= Beginning of Section =
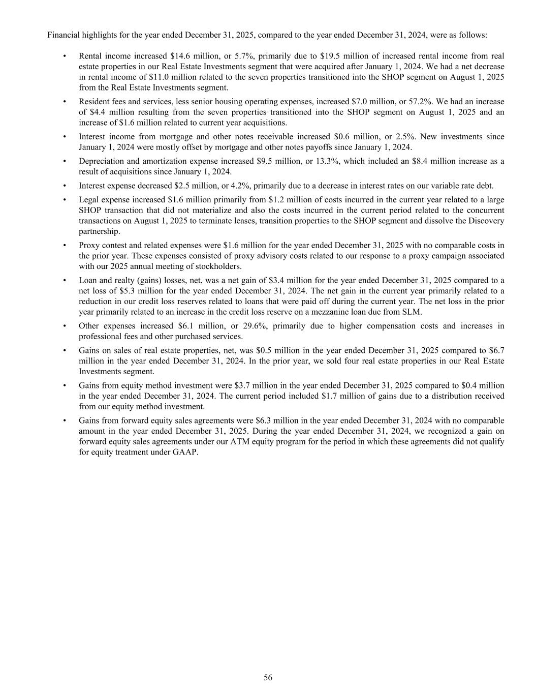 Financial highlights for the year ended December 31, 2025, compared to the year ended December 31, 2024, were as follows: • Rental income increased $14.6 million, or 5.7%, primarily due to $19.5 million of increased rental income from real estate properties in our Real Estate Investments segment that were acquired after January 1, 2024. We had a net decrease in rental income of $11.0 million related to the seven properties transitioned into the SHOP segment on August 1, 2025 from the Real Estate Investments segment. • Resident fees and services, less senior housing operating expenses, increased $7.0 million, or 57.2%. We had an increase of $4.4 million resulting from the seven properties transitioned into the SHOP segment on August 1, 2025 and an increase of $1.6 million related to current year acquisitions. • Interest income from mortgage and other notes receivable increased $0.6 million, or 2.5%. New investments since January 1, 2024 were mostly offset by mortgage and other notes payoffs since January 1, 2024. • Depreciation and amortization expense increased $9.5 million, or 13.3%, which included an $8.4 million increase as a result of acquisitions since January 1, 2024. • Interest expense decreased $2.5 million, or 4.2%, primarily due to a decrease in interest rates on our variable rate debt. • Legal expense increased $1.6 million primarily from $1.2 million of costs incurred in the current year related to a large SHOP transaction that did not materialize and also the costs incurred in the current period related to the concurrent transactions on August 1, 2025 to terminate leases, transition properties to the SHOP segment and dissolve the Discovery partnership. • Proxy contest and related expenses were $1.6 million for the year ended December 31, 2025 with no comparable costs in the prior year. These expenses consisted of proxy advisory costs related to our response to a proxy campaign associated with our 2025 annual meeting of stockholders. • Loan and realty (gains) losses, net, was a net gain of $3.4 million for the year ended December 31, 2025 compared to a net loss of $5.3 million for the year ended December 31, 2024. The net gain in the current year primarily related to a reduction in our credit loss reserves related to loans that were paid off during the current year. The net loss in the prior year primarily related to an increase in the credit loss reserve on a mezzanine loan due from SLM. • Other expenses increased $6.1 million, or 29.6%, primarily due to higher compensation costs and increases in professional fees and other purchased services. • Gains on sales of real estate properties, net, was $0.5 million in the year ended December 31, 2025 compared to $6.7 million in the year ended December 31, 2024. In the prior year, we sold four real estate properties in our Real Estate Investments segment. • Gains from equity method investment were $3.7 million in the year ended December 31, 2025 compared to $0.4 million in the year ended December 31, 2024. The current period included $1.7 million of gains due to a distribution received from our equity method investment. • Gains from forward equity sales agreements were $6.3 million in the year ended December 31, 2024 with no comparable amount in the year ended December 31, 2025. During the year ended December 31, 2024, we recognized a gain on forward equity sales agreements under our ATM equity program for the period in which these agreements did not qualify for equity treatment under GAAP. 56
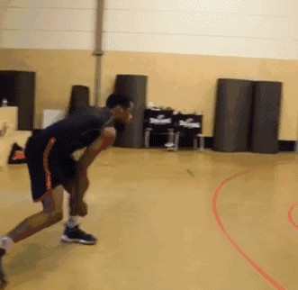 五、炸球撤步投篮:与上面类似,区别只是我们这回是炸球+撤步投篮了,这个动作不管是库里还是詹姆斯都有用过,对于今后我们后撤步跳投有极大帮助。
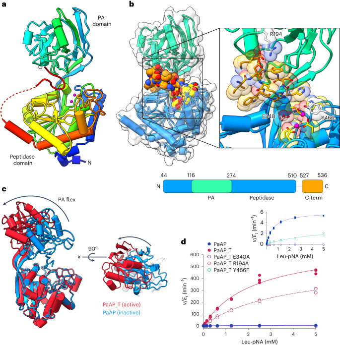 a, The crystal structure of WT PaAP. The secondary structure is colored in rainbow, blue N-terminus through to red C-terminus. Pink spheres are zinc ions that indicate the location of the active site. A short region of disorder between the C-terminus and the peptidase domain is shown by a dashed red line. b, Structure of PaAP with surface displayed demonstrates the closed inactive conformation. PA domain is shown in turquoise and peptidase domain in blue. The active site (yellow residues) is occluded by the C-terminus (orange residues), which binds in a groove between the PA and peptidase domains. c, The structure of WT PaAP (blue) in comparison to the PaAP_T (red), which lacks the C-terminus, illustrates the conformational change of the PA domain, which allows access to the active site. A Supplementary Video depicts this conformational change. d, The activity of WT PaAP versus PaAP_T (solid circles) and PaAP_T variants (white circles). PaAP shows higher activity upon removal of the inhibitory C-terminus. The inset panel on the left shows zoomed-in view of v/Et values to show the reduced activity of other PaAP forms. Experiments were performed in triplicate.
= End of Section =
How to complete this task: Word for word, restate each line above, minus its pictures.

Answer section:
 Financial highlights for the year ended December 31, 2025, compared to the year ended December 31, 2024, were as follows: • Rental income increased $14.6 million, or 5.7%, primarily due to $19.5 million of increased rental income from real estate properties in our Real Estate Investments segment that were acquired after January 1, 2024. We had a net decrease in rental income of $11.0 million related to the seven properties transitioned into the SHOP segment on August 1, 2025 from the Real Estate Investments segment. • Resident fees and services, less senior housing operating expenses, increased $7.0 million, or 57.2%. We had an increase of $4.4 million resulting from the seven properties transitioned into the SHOP segment on August 1, 2025 and an increase of $1.6 million related to current year acquisitions. • Interest income from mortgage and other notes receivable increased $0.6 million, or 2.5%. New investments since January 1, 2024 were mostly offset by mortgage and other notes payoffs since January 1, 2024. • Depreciation and amortization expense increased $9.5 million, or 13.3%, which included an $8.4 million increase as a result of acquisitions since January 1, 2024. • Interest expense decreased $2.5 million, or 4.2%, primarily due to a decrease in interest rates on our variable rate debt. • Legal expense increased $1.6 million primarily from $1.2 million of costs incurred in the current year related to a large SHOP transaction that did not materialize and also the costs incurred in the current period related to the concurrent transactions on August 1, 2025 to terminate leases, transition properties to the SHOP segment and dissolve the Discovery partnership. • Proxy contest and related expenses were $1.6 million for the year ended December 31, 2025 with no comparable costs in the prior year. These expenses consisted of proxy advisory costs related to our response to a proxy campaign associated with our 2025 annual meeting of stockholders. • Loan and realty (gains) losses, net, was a net gain of $3.4 million for the year ended December 31, 2025 compared to a net loss of $5.3 million for the year ended December 31, 2024. The net gain in the current year primarily related to a reduction in our credit loss reserves related to loans that were paid off during the current year. The net loss in the prior year primarily related to an increase in the credit loss reserve on a mezzanine loan due from SLM. • Other expenses increased $6.1 million, or 29.6%, primarily due to higher compensation costs and increases in professional fees and other purchased services. • Gains on sales of real estate properties, net, was $0.5 million in the year ended December 31, 2025 compared to $6.7 million in the year ended December 31, 2024. In the prior year, we sold four real estate properties in our Real Estate Investments segment. • Gains from equity method investment were $3.7 million in the year ended December 31, 2025 compared to $0.4 million in the year ended December 31, 2024. The current period included $1.7 million of gains due to a distribution received from our equity method investment. • Gains from forward equity sales agreements were $6.3 million in the year ended December 31, 2024 with no comparable amount in the year ended December 31, 2025. During the year ended December 31, 2024, we recognized a gain on forward equity sales agreements under our ATM equity program for the period in which these agreements did not qualify for equity treatment under GAAP. 56
 五、炸球撤步投篮:与上面类似,区别只是我们这回是炸球+撤步投篮了,这个动作不管是库里还是詹姆斯都有用过,对于今后我们后撤步跳投有极大帮助。
 a, The crystal structure of WT PaAP. The secondary structure is colored in rainbow, blue N-terminus through to red C-terminus. Pink spheres are zinc ions that indicate the location of the active site. A short region of disorder between the C-terminus and the peptidase domain is shown by a dashed red line. b, Structure of PaAP with surface displayed demonstrates the closed inactive conformation. PA domain is shown in turquoise and peptidase domain in blue. The active site (yellow residues) is occluded by the C-terminus (orange residues), which binds in a groove between the PA and peptidase domains. c, The structure of WT PaAP (blue) in comparison to the PaAP_T (red), which lacks the C-terminus, illustrates the conformational change of the PA domain, which allows access to the active site. A Supplementary Video depicts this conformational change. d, The activity of WT PaAP versus PaAP_T (solid circles) and PaAP_T variants (white circles). PaAP shows higher activity upon removal of the inhibitory C-terminus. The inset panel on the left shows zoomed-in view of v/Et values to show the reduced activity of other PaAP forms. Experiments were performed in triplicate.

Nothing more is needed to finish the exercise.